DATA PROVIDED Block Start

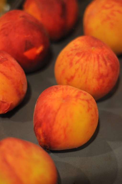 4. Place the peaches on a cookie sheet.  We found that it is better to put them on a cookie sheet than in a bowl because they continue to cook in  a bowl as you pile one on top of the other.
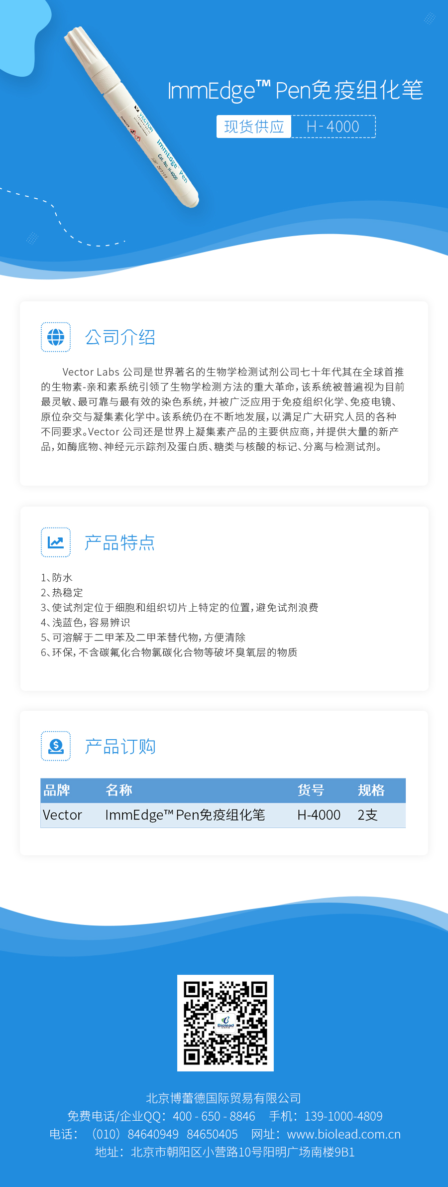 Vector提供的ImmEdge™免疫組化筆優(yōu)于一般的PAP筆,可用于免疫組織化學(xué)和原位雜交實(shí)驗(yàn)。該免疫組化筆劃出的耐熱、疏水的分界線,可保證試劑在被畫圈內(nèi)不易流失,當(dāng)一塊載玻片上有多個(gè)切片時(shí)可避免發(fā)生試劑混雜。淡藍(lán)色的疏水線不溶于乙醇和丙酮,可被二甲苯或二甲苯替代物清除。該免疫組化筆可以與酶系統(tǒng)/熒光系統(tǒng)兼容。ImmEdge™免疫組化筆為環(huán)境友好型,不含有經(jīng)蒙特利爾議定書和歐盟理事會確認(rèn)的耗蝕臭氧層成分,尤其不含碳氟化合物和氯碳化合物。
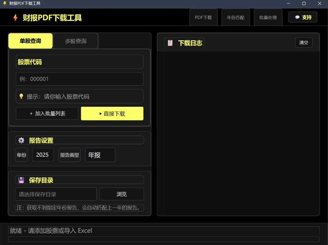 财报PDF下载工具 v1.0 是一款专业的财务报告PDF下载工具,基于PyQt6开发,采用ClickHouse深色主题界面设计。该工具从巨潮资讯网(cninfo.com.cn)自动下载上市公司财报PDF文件,支持年报、一季报、半年报、三季报等多种报告类型。
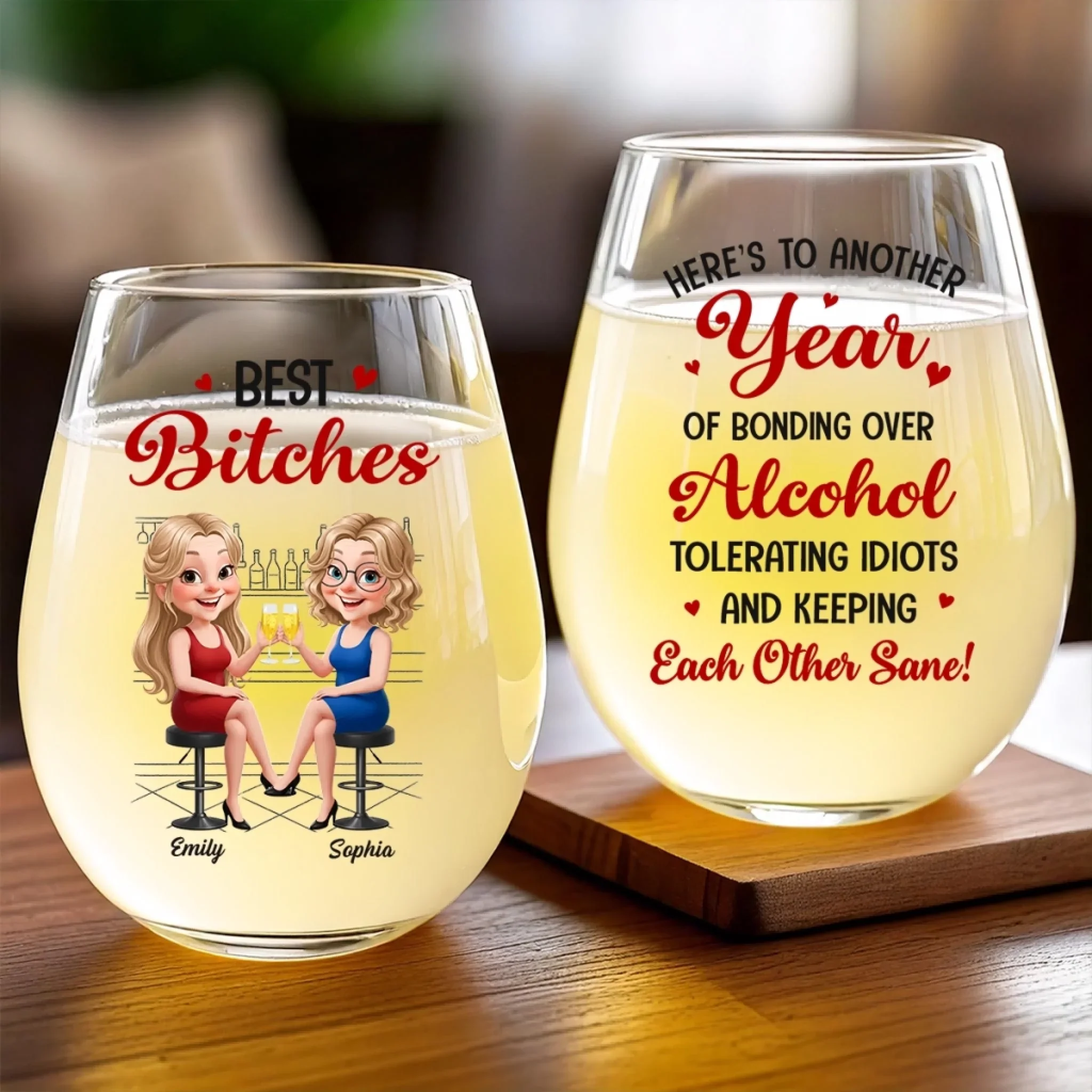 Custom Wine Glass - Personalized Best Friend Birthday Gifts For Women, Besties, Sisters, BFF - Vino Vibes Only

DATA PROVIDED Block End

BRIEF:
I would like the data copied exactly as it stands, with no pictures included.

WRITTEN SOLUTION:
 4. Place the peaches on a cookie sheet.  We found that it is better to put them on a cookie sheet than in a bowl because they continue to cook in  a bowl as you pile one on top of the other.
 Vector提供的ImmEdge™免疫組化筆優(yōu)于一般的PAP筆,可用于免疫組織化學(xué)和原位雜交實(shí)驗(yàn)。該免疫組化筆劃出的耐熱、疏水的分界線,可保證試劑在被畫圈內(nèi)不易流失,當(dāng)一塊載玻片上有多個(gè)切片時(shí)可避免發(fā)生試劑混雜。淡藍(lán)色的疏水線不溶于乙醇和丙酮,可被二甲苯或二甲苯替代物清除。該免疫組化筆可以與酶系統(tǒng)/熒光系統(tǒng)兼容。ImmEdge™免疫組化筆為環(huán)境友好型,不含有經(jīng)蒙特利爾議定書和歐盟理事會確認(rèn)的耗蝕臭氧層成分,尤其不含碳氟化合物和氯碳化合物。
 财报PDF下载工具 v1.0 是一款专业的财务报告PDF下载工具,基于PyQt6开发,采用ClickHouse深色主题界面设计。该工具从巨潮资讯网(cninfo.com.cn)自动下载上市公司财报PDF文件,支持年报、一季报、半年报、三季报等多种报告类型。
 Custom Wine Glass - Personalized Best Friend Birthday Gifts For Women, Besties, Sisters, BFF - Vino Vibes Only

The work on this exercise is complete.